Activities on the default task queue are not executing as quickly as I would expect. These activities typically complete in a few seconds or less when run in isolation. However, under load, I’m observing:

  1. Increased Latency: The activities take significantly longer to complete.
  2. Start-to-Close Timeouts: Many activities are hitting their start-to-close timeout.
  3. Bottleneck at run_in_executor: It appears that when an activity task is picked up by the worker and its Python method is invoked, the call to await loop.run_in_executor(...) doesn’t immediately execute the target function. Instead, these calls seem to be queued up, waiting for a thread in the ThreadPoolExecutor.
  4. Scaling max_workers in ThreadPoolExecutor: I’ve tried increasing the max_workers in the ThreadPoolExecutor (e.g., from 50 to 100, and even higher), but this hasn’t resolved the issue. The machine’s CPU usage remains low, but more activities seem to get queued up internally before run_in_executor actually processes them. This might be somewhat expected, as with more available worker slots in the executor, more activities can be pulled from Temporal and begin processing, only to then wait for the run_in_executor call.

My Question(s):

Given that the worker machine’s CPU usage is low (< 30%), I’m struggling to understand why the ThreadPoolExecutor would be causing such a bottleneck. If the threads were busy with CPU-bound work, I’d expect higher CPU usage.
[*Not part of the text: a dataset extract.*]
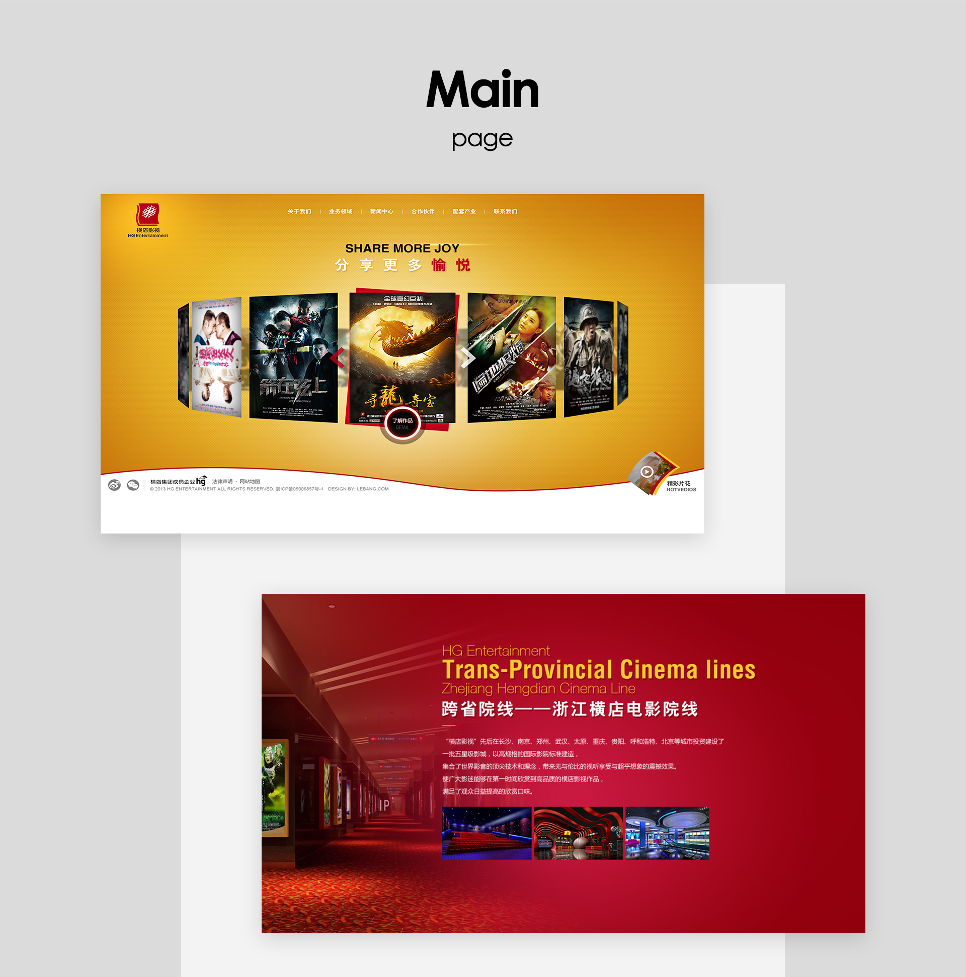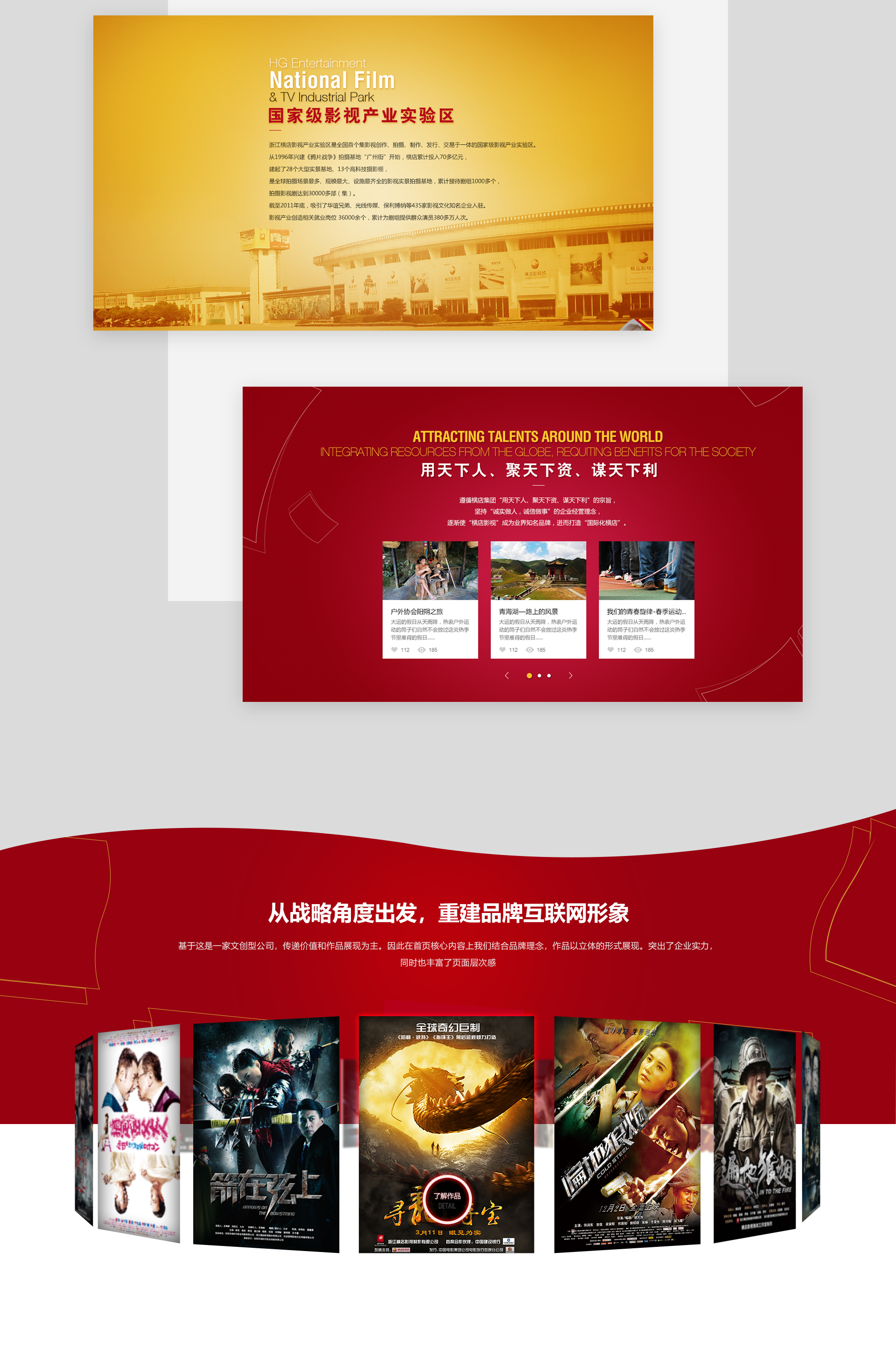 横店是全球最大的影视实景拍摄基地,拥有秦王宫、清明上河图、广州街·香港街、明清宫苑、梦幻谷、明清民居博览城、华夏文化园等28个实景基地和10座高科技摄影棚,被美国《好莱坞报到》杂志称为“中国好莱坞”。区别于常规的网站改版,该项目具有高度的战略意义——践行横店影视的全球化发展战略。因此,我们基于品牌的这一战略高度来定制打造了横店官网。

If they are primarily I/O-bound (which many of these tasks are), I thought the ThreadPoolExecutor (with a sufficient number of threads, e.g., 100 in my case) and asyncio would handle this efficiently by yielding control while waiting for I/O.

  • Am I misunderstanding how max_concurrent_activities interacts with the ThreadPoolExecutor?
  • Could the sharing of the ThreadPoolExecutor between the rate-limited queue worker and the default queue worker be a contributing factor, even if the rate-limited activities are infrequent?
  • Are there other Temporal worker or ThreadPoolExecutor configurations I should be looking into that might explain why tasks are queuing at run_in_executor despite low CPU utilization?

Any guidance or suggestions on what to investigate would be greatly appreciated!

Thank you!

Correct me if I misunderstand, but it sounds like the interface to Temporal is working OK as far as you can tell (workers are pulling work to do), but then in the execution of the activity you’re running into something with your own code (weirdness with Python’s ThreadPoolExecutor, not related to Temporal). My suggestion in that case is to bypass Temporal, and write a small program which runs the code implementing the activity, skipping the Temporal worker queue. Then it’s easier to try hitting your thread pool with a lot of concurrent requests and see if you can track down why it isn’t working as expected.

Hi awwx, thanks for your reply. I will definitely look into it and try to have a small test maybe without Temporal.

Meanwhile thank you very much for the feedback :slight_smile: